34 thoughts on “#frapalywo tag 7, text 7 – geborgte schlusszeile/geborgte worte

  1. Rona Duwe says:

    Im Rückblick
    durch‘s Leben blättern
    und dieses Gefühl
    von Abend haben.
    Als wären
    schon alle Chancen verspielt
    und alles am Ende vergebens gewesen.
    Als wäre
    der Lebensinhalt
    Stolpern und Risse,
    wenig Konstanz.
    Schlaflose Sorgen.
    Doch immer noch
    lächelt das trotzige, freche Kind,
    dem ist
    Dein trauriger Rückblick egal.
    Es flüstert:
    „Vielleicht auch nicht*.“

  2. zwei
    zwei dinge
    braucht es

    sagt
    er
    eines abends

    es sind
    ahnung
    ahnung und tiefgang

    und dann
    stecken wir fest
    im kanal

    als wir jünger und du
    groß und ich klein. die zeit fällt
    vom rad. das rad

    von der achse. alles
    strebt der schwerkraft
    entgegen. und nun.

    die
    die brotscheiben
    von der wäscheleine

    den toaster
    aus dem klo. vater
    was erzählt der strom

    in den
    schmalen momenten
    zwischen der zeit

    ziehen die tage
    flussabwärts. wenn
    sie nicht. vielleicht auch nicht

    https://barcelonalien.wordpress.com/2019/02/08/oder-aber/

  3. Gerda Steger says:

    auf dem Weg zu dir

    vielleicht finde ich den Schlüssel
    die Innentür zu öffnen dir
    trostlos karge Wände
    lichtwarm zu streichen

    vielleicht finde ich auch das Schlüsselwort
    für deinen Kummerkasten verschlossen
    noch mit winterlichen Hungerfantasien

    vielleicht finde ich Himmel
    Schlüssel, einen leuchtgelben Schlüssel
    Blumenbund für deine leere Vase

    vielleicht schreibe ich ins Ätherblau auch
    den Farbton Wunsch für
    das Grau deines Innenfensters

    vielleicht finde ich im Flug Himmel
    Schlüssel Blumen Worte für dich
    vielleicht auch nicht*

    kursiv: geborgte Schlusszeile von Hans Magnus Enzensberger, „Windgriff“

    • Liebe Gerda, ich wollte dir nur kurz auf deine gestrige Anwort antworten 🙂 Freut mich sehr zu lesen, dass meine poetischen, italienischen Experimente ihren Weg finden.
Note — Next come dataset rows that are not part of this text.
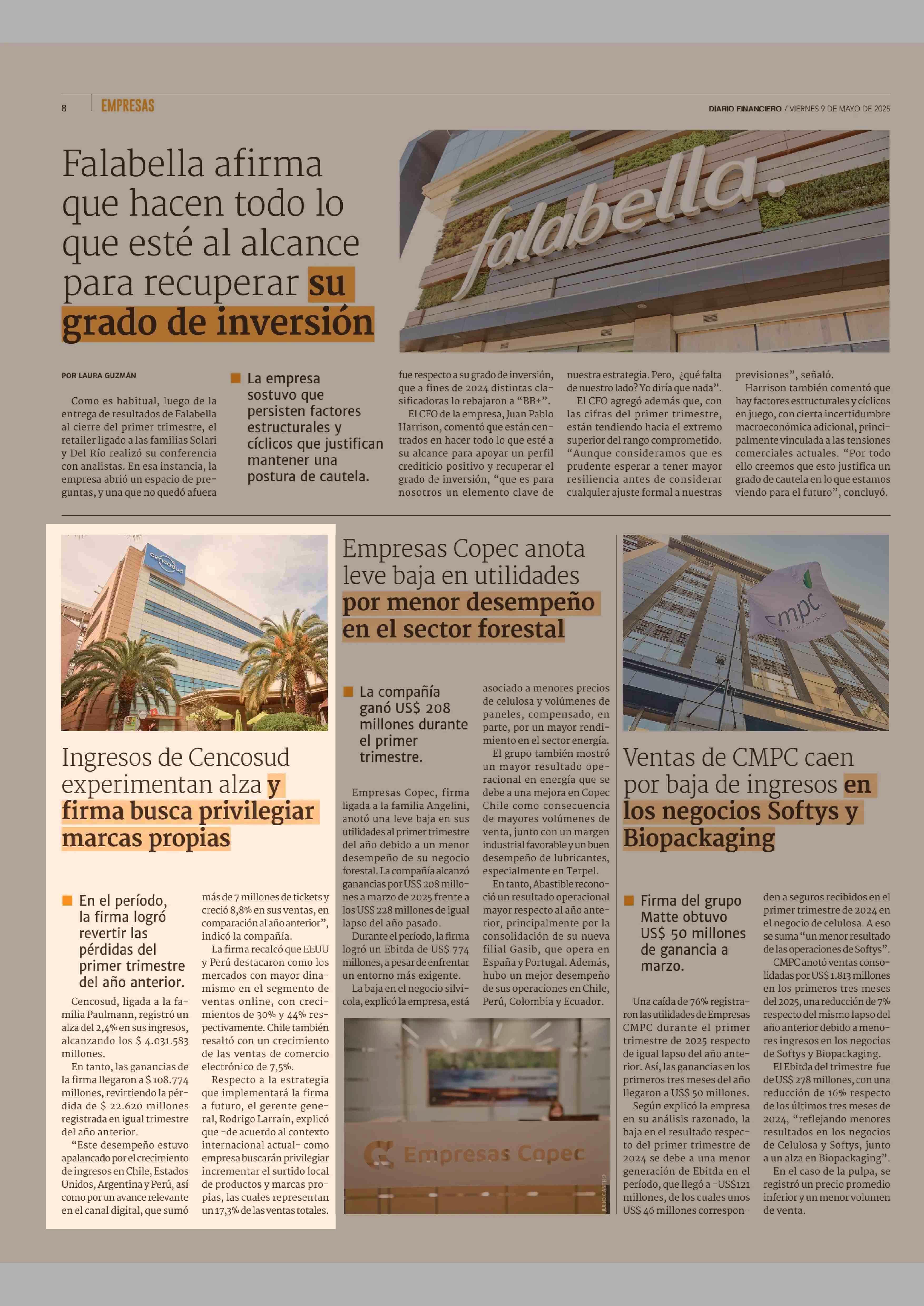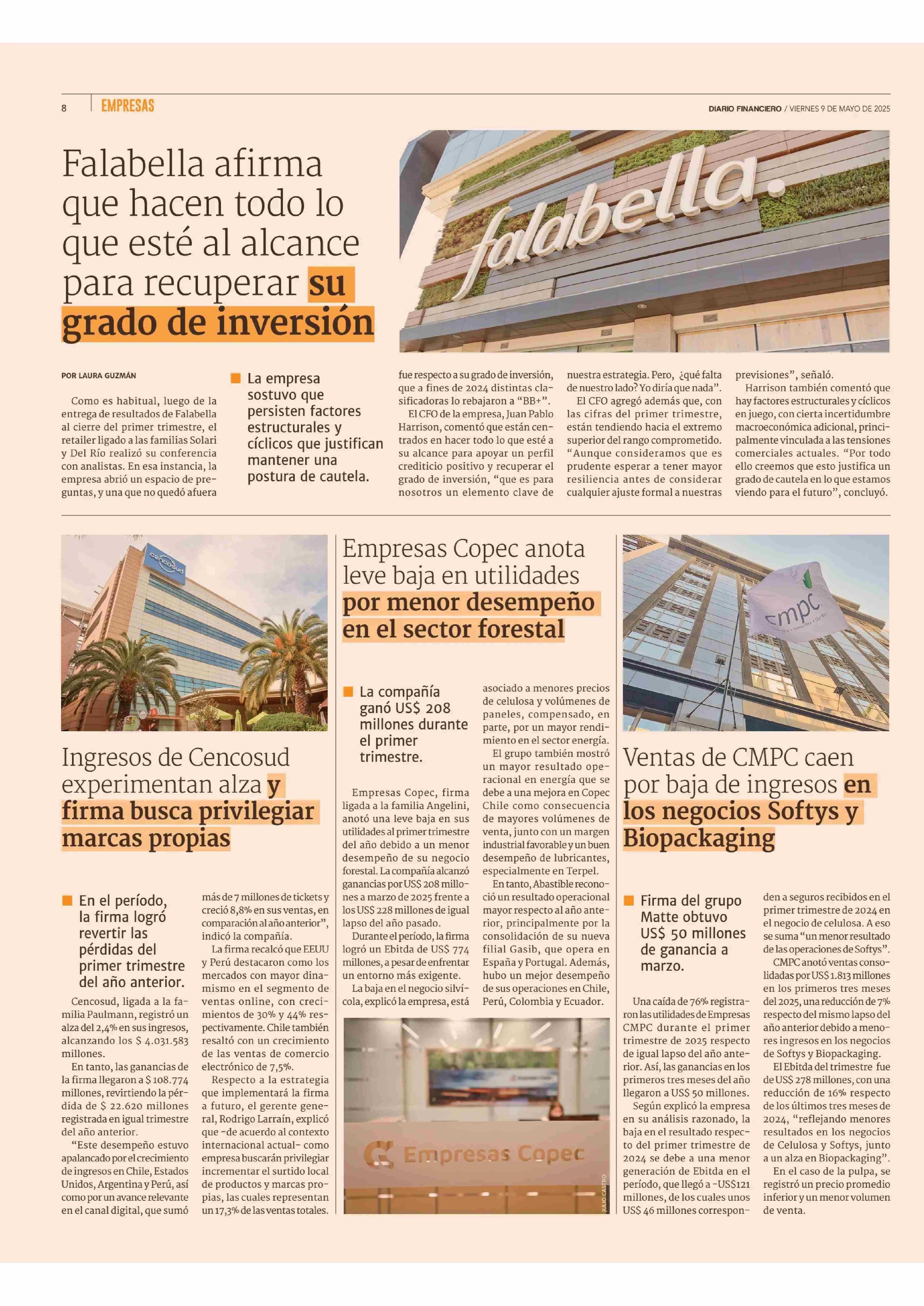 Ingresos de Cencosud experimentan alza y firma busca privilegiar marcas propias 09-05-2025 Diario Financiero |
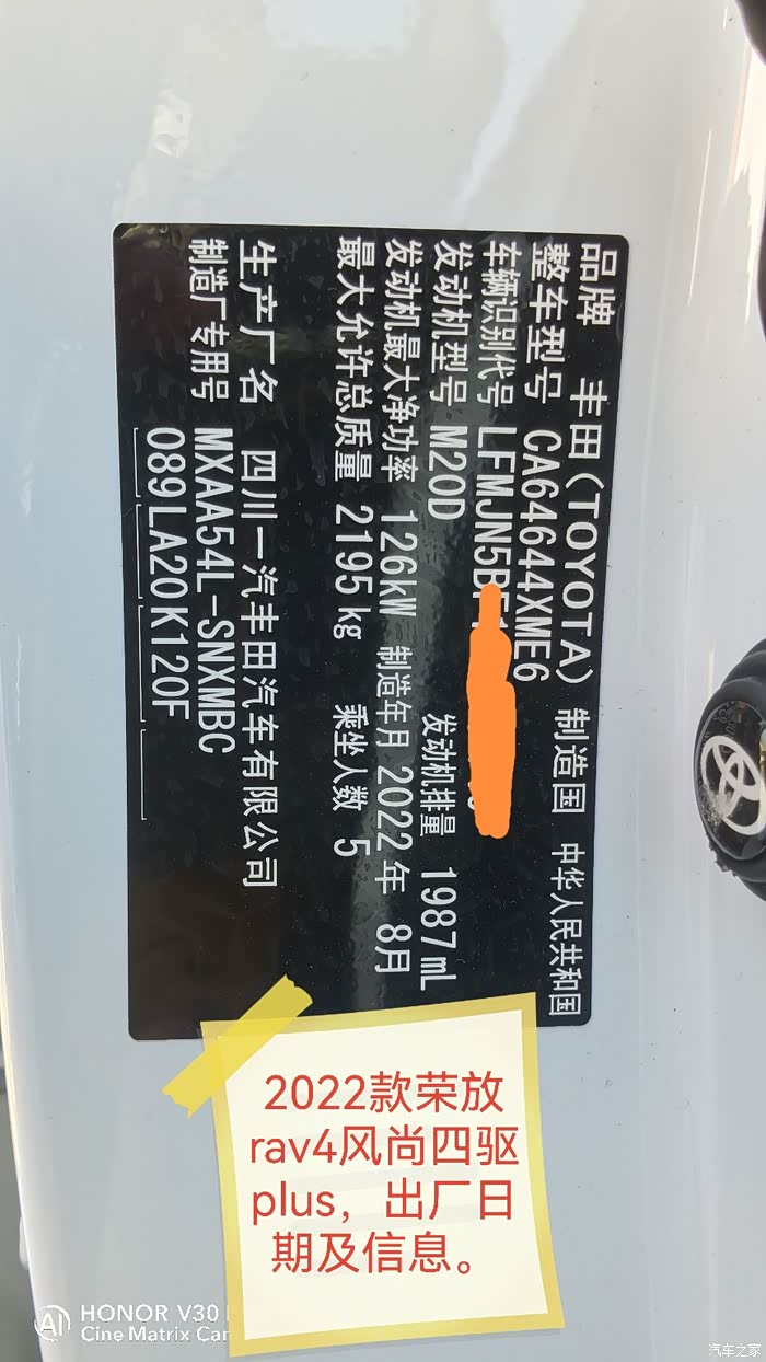 现车车型,22款荣放四驱风尚P,纯燃油2.0。
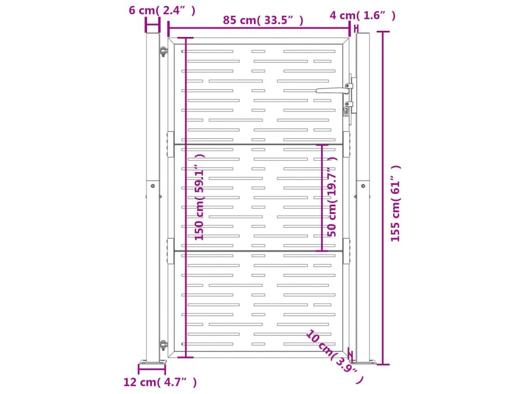 - Odolná konstrukce: Tato zahradní branka je vyrobená z cortenové oceli. Cortenová ocel, také známá jako povětrnostně odolná ocel. Je ze své podstaty antikorozní. Při prvním vystavení atmosférickým podmínkám se na ní vytvoří rezavá ochranná vrstva proti korozi. Nemusíte ji tedy natírat. Tím ušetříte náklady na údržbu a opravy. Výrazný hnědý odstín cortenové oceli jistě upoutá pozornost. Povětrnostně odolná ocel je výjimečně odolná a obstojí ve zkoušce času.
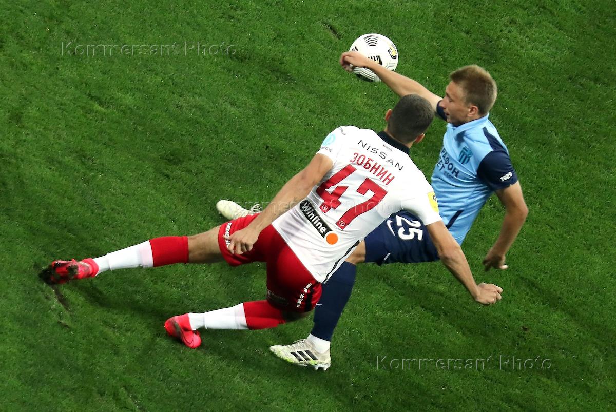Tinkoff Russian Premier League (RPL). Russian Football Championship 2020/2021. Matchday 5. Match between Rotor (Volgograd) and Spartak (Moscow) at the Volgograd Arena. Spartak's Roman Zobnin (left) and Rotor's Danil Stepanov (right) in action during the match.
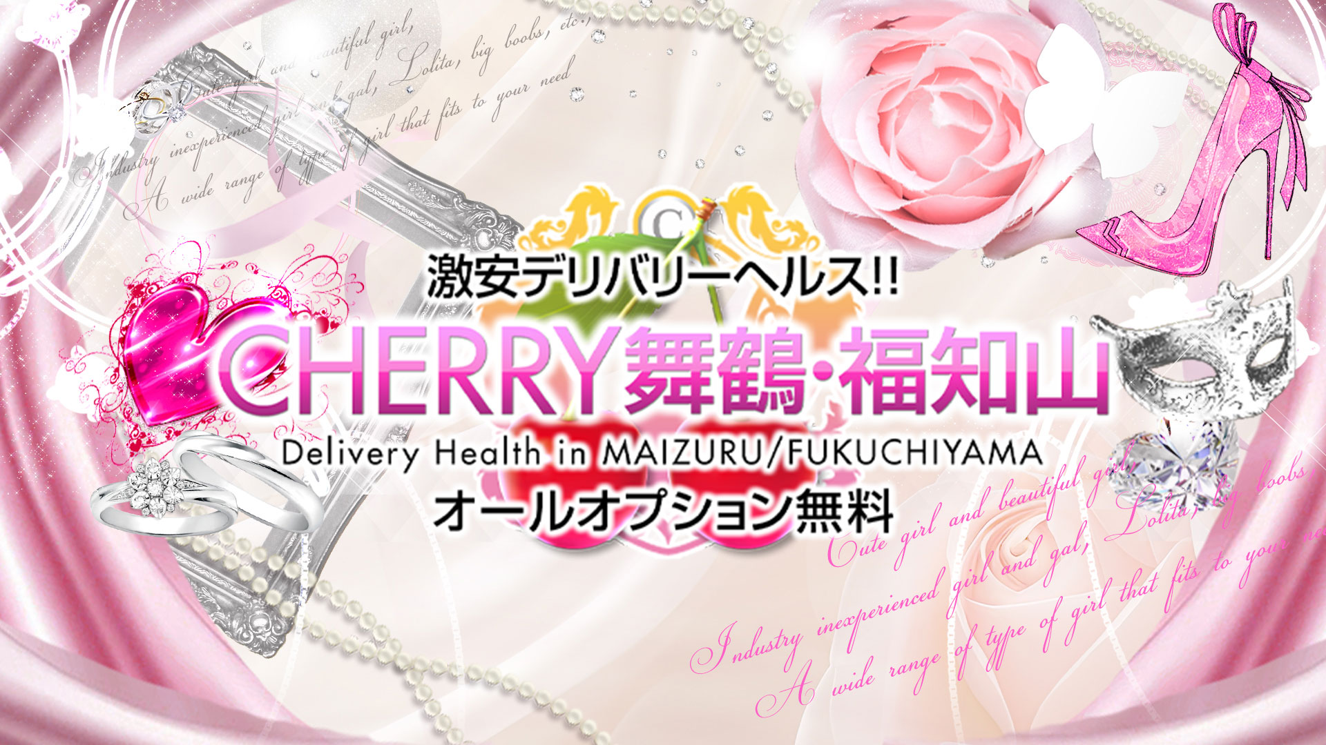 『チェリー舞鶴・福知山』はオールオプション無料が魅力な京都・舞鶴の激安デリヘル店!AF(アナルファック)のみ有料ですが、コスプレやとびっこ、聖水、即尺、ごっくんなど豊富なオプションを追加料金いらずで存分に楽しめますよ。西舞鶴・綾部・福知山・宮津エリアを中心に出張サービスを行っているので、気軽に過激プレイを楽しみたいのであればココを利用するほかありません!
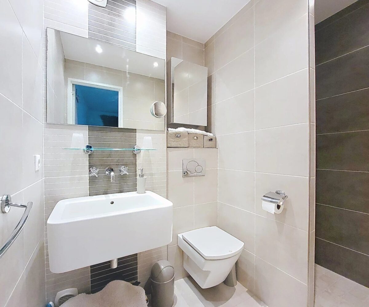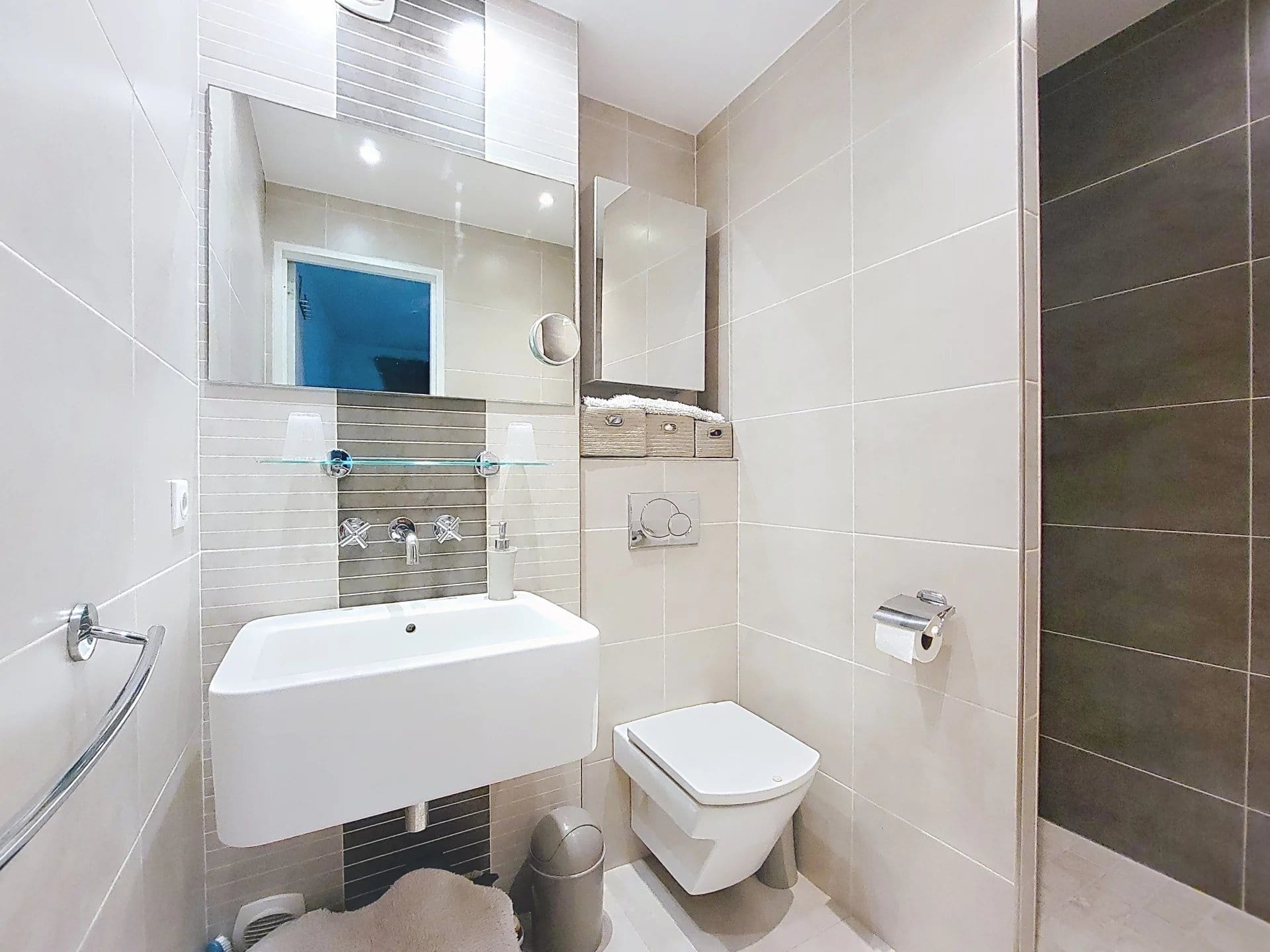 La chambre, spacieuse et lumineuse, bénéficie également d’un accès direct à la terrasse, créant une belle continuité entre les espaces intérieurs et extérieurs. Une salle de bain moderne ainsi que des toilettes invités complètent cet appartement parfaitement agencé.
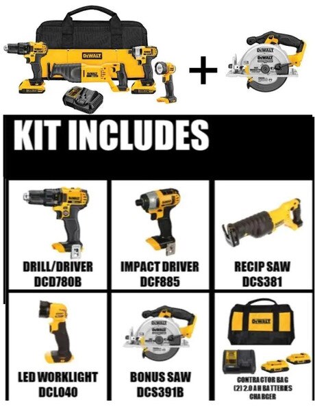 DEWALT 20V MAX LITHIUM ION CORDLESS COMBO KIT 6-TOOL Please log in to see price or purchase this item Quantity discounts available QuantityPrice SKU: D25281 Please allow 1-3 business days for delivery
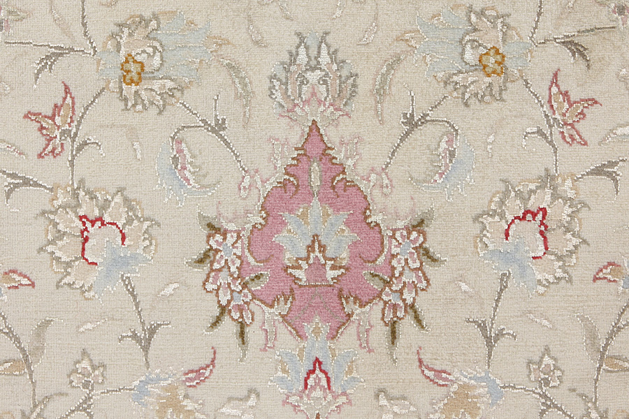 Alfombras Tabriz: La ciudad de Tabriz es la capital de la provincia de Azerbaiyán en el suroeste de Irán. Hasta el final de la época de las caravanas fue el centro más importante de tejido y mercado de las alfombras Tabriz. El Occidente compraba aquí las obras maestras creadas por los tejedores renombrados y capacitados. Se conocieron en los mercados internacionales por su alta calidad. Se crearon talleres de alfombras tejidas a mano, donde se tejían diseños antiguos y modernos anudados con densidad y meteriales de alta calidad. La seda y la lana fina de primera clase dan una alta calidad a las alfombras. Ninguna ciudad persa tenía una producción tan grande y amplia de alfombras. Con o sin medallón, sus motivos son excepcionales y llenos de fantasía. Flores, representaciones y versos de poemas también decoran las alfombras. Los colores predominantes son el beige, el azul y el rojo.
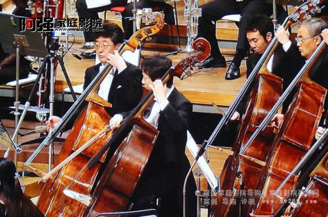 我知道絕大多數家庭影院的用途都是以“看電影”為主,一般都認為多聲道音響系統拿來聽音樂很難與高價兩聲道Hi-End音響系統相比,特別是在對音質音色純度要求更高的古典音樂會錄音更是如此。但是,倘若您有同樣的想法,在聆賞過樂林音響張云捷老板所調整的Monitor Audio第五代Gold音箱之后,肯定會大為改觀并且也想建構一套——因為一套新臺幣百萬元出頭的Monitor Audio Gold多聲道音箱系統,不僅音質音色能符合Hi-End高標準之要求,其來自各方綿密包圍的現場空間感受,更是兩聲道音響系統所無法達到的!影像方面,包括這張以及接著十幾張畫面照片,都是對著Epson EH-TW8400所投射在OS WF302銀幕上的屏攝實拍影像(現場親眼所見更好),請看看這張管弦樂團大提琴組的樂器質感描繪,是不是非常漂亮寫實?
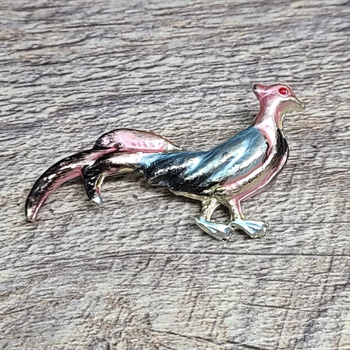 Vintage Enamel Peacock Brooch Pin 2" Long Costume Jewelry

Danke und bis zum naechsten Mal.

  4. von @tauscher57:

    rauf runter kreuz und auch mal quer
    vorwärts immer weiter manchmal auch zurück
    du liebst hegst zweifel verwirfst zauderst gehst weiter
    neue liebe neues glück
    ist deine lebensphilosophie
    für einen moment des glücklich seins
    vielleicht auch nicht

  5. in den wiesen haben wir gesungen
    im mondschein getanzt
    eine hand in der anderen
    und wo war es nicht warm

    die fragen flossen, antworten auch
    das vertraute eine decke
    sternenvisionen
    wohin es uns nicht führte

    eine muschel, eine schale
    schneckenhaus und fühler
    im hart ein weich
    wie könnte das kein schutz sein

    vielleicht war das alles so
    vielleicht auch nicht

  6. Hina Artemon (@HArtemon) says:

    wenn ich neben einem stein stünde
    in theben am ufer des nils
    nach harmonie fischend
    und in metaphern watend
    bis zum einbruch der nacht
    und darin schwelgend darüber hinaus
    alles notierend, was ich erkenne

    ich würde das gute besser sehen
    ich würde den menschen schneller helfen
    ich würde das glück im arme sammeln

    ich würde erfinden und leuchten und wehen
    vielleicht auch nicht

  7. Hina Artemon (@HArtemon) says:

    Liebe Sophie, das war nicht das richtige Kommando für kursiv – kannst Du das bitte ändern? (Sorry.) Vielen, vielen Dank für die Lyrik-Woche, das hat wieder Riesenspaß gemacht – bin schon gespannt, wie es weitergeht.

  8. yumami says:

    heute für einen moment nur
    fühlte ich mich gesehen
    gehört und verstanden
    in meiner vielschichtigkeit

    heute für einen moment nur
    fühlte ich mich berührt
    gehalten und angenommen
    mit all meinen gefühlen

    heute für einen moment nur
    fühlte ich mich geliebt
    selbst von mir selbst
    vielleicht auch nicht

  9. Vor dem Zieleinlauf
    – der Geraden –
    fand sich (immer?)
    ein Seitenpfad
    ein Schleichweg
    einer der leiser war
    Ruhe versprach und Deckung
    Das war der Weg für Dich
    sagte man
    das das das
    war er (immer? oder?)
    vielleicht auch nicht

    („Vielleicht auch nicht“: geborgte Zeile aus „Windgriff“ von Hans Magnus Enzensberger)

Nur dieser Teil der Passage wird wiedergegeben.